Средний возраст больных на момент диагностики НАЖБП составляет 45–50 лет. Большинство пациентов, страдающих стеатозом печени и НАСГ, имеют избыточную массу тела, на 10–40% превышающую идеальную (ИМТ>30 кг/м2). При первичной НАЖБП в клинической картине присутствуют симптомы, связанные с сопутствующими нарушениями углеводного и липидного обмена.
Частой составляющей клинической картины НАЖБП является наличие симптомокомплекса функциональных расстройств билиарного тракта (дисфункции желчного пузыря и желчевыводящих путей) – до 30% больных предъявляют жалобы на боли и дискомфорт в правом подреберье, связанные с приемом пищи [36–38].
Лабораторно-инструментальная диагностика НАЖБП. При лабораторных исследованиях возможно выявление синдромов цитолиза и холестаза [39, 40]. Синдром цитолиза при НАЖБП проявляется повышением активности сывороточной аланинаминотрансферазы (АЛТ) в 2–3 раза и аспартатаминотрансферазы (АСТ) в 2–10 раз по сравнению с нормой. Оценка соотношения АСТ/АЛТ не позволяет провести различия между алкогольным гепатитом и НАСГ. Соотношение АСТ/АЛТ, превышающее «3», обнаруживается примерно у 32% пациентов с НАСГ, свыше «1» – у 40% пациентов.
Синдром холестаза: гипербилирубинемия, в пределах 25–35 ммоль/л, имеет место в 12–17% случаев, чаще уровень сывороточного билирубина сохраняется в пределах нормы. Активность щелочной фосфатазы умеренно повышена у 40–60% пациентов. У 30–60% больных НАСГ возможно повышение активности щелочной фосфатазы и гамма-глутамилтранспептидазы (ГГТП), обычно не более чем до 2 норм.
Мезенхимально-воспалительный синдром или синдром «воспаления» не является характерным для НАСГ, однако возможно выявление гипергаммаглобулинемии у 13–30% больных, антител к ядерному антигену в титре 1:40 – 1:320 – у 40% больных, при этом антитела к гладкой мускулатуре отсутствуют.
Синдром гепатодепрессии также не характерен для НАСГ. Печеночно-клеточная недостаточность развивается лишь при формировании цирроза печени, однако гипоальбуминемия при НАСГ отмечается у больных с диабетической нефропатией [41].
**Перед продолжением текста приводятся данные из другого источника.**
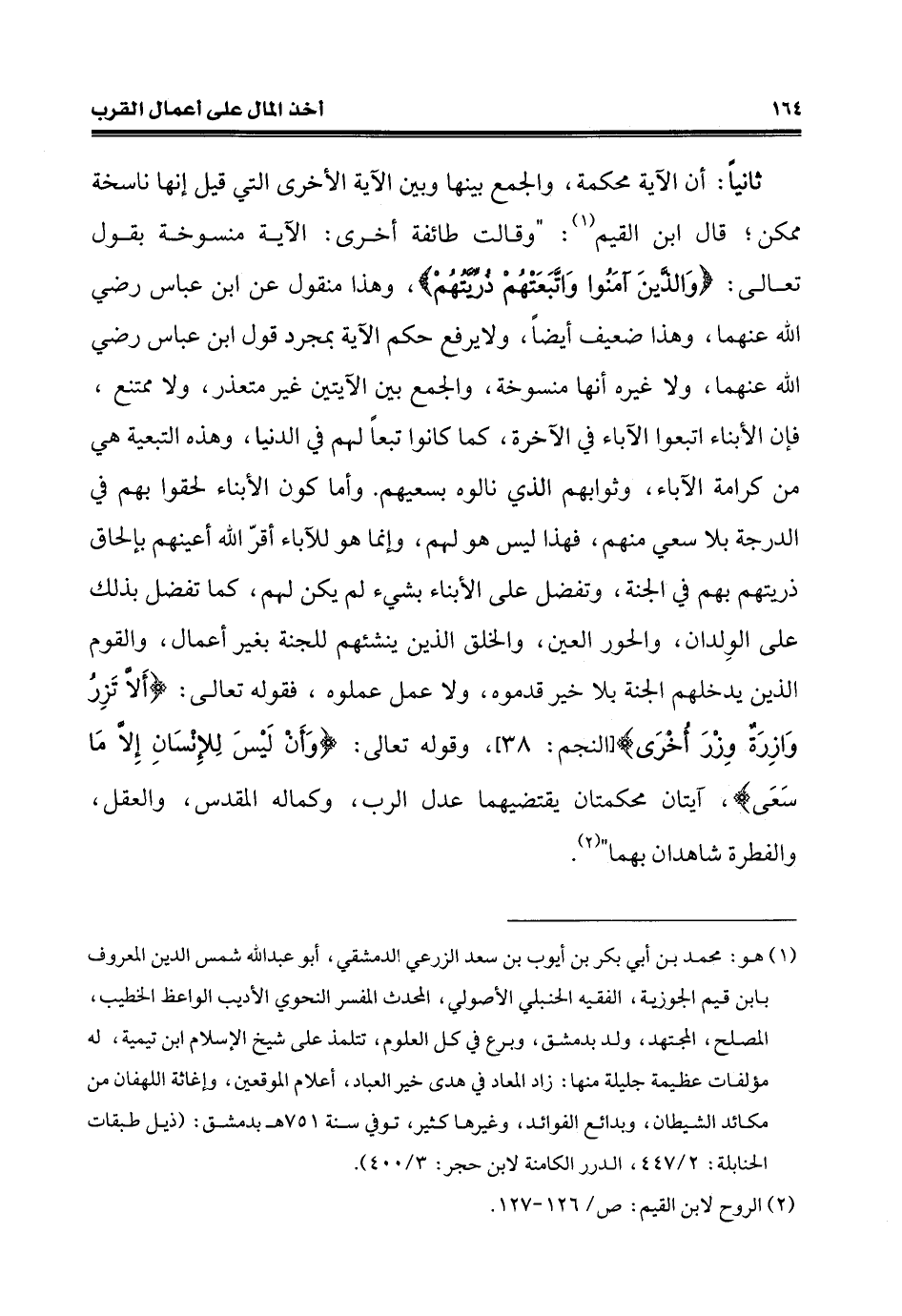 ثانيًا: أن الآية محكمة، والجمع بينها وبين الآية الأخرى الّتي قيل إنها ناسخة ممكن؛ قال ابن القيم (¬1): "وقالت طائفة أخرى: الآية منسوخة بقول تعالى: {وَالَّذِينَ آمَنُوا وَاتَّبَعَتْهُمْ ذُرِّيَّتُهُمْ}، وهذا منقول عن ابن عبّاس رضي الله عنهما، وهذا ضعيف أيضًا، ولايرفع حكم الآية بمجرد قول ابن عبّاس رضي الله عنهما، ولا غيره أنّها منسوخة، والجمع بين الآيتين غير متعذر، ولا ممتنع، فإن الأبناء اتبعوا الآباء في الآخرة، كما كانوا تبعًا لهم في الدنيا، وهذه التبعية هي من كرامة الآباء، وثوابهم الّذي نالوه بسعيهم. وأمّا كون الأبناء لحقوا بهم في الدرجة بلا سعي منهم، فهذا ليس هو لهم، وإنّما هو للآباء أقرّ الله أعينهم بإلحاق ذريتهم بهم في الجنَّة، وتفضل على الأبناء بشيء لم يكن لهم، كما تفضل بذلك على الوِلدان، والحور العين، والخلق الذين ينشئهم للجنة بغير أعمال، والقوم الذين يدخلهم الجنَّة بلا خير قدموه، ولا عمل عملوه، فقوله تعالى: {أَلَّا تَزِرُ وَازِرَةٌ وِزْرَ أُخْرَى} [النجم: 38]، وقوله تعالى؛ {وَأَنْ لَيْسَ لِلْإِنْسَانِ إِلَّا مَا سَعَى}، آيتان محكمتان يقتضيهما عدل الرب، وكماله القدس، والعقل، والفطرة شاهدان بهما" (¬2).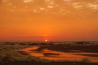Zon die onder gaat boven zee met de warme kleuren, de contouren van het zand wat het iedere keer weer tot een magisch en mystiek schouwspel maakt.

У пациентов часто определяются лабораторные признаки нарушения углеводного (повышение уровня глюкозы крови или нарушенная толерантность к глюкозе) и жирового (гиперхолестеринемия и гипертриглицеридемия) обмена. Гематологические нарушения для НАСГ не характерны вплоть до развития гиперспленизма при циррозе печени.
Инструментальные методы обследования (ультразвуковое исследование – УЗИ, компьютерная томография, магнитно-резонансная томография) позволяют верифицировать гепатомегалию, косвенно оценить степень стеатоза печени и зарегистрировать формирование портальной гипертензии. Радионуклидное сканирование с коллоидом серы, меченным 99mTc, позволяет визуализировать очаговый стеатоз как дефекты накопления изотопа. С помощью методов визуализации не представляется возможным провести различия между стеатозом печени и НАСГ. Фиброгастродуоденоскопия позволяет диагностировать варикозное расширение вен пищевода при трансформации стеатогепатита в цирроз печени [23, 42].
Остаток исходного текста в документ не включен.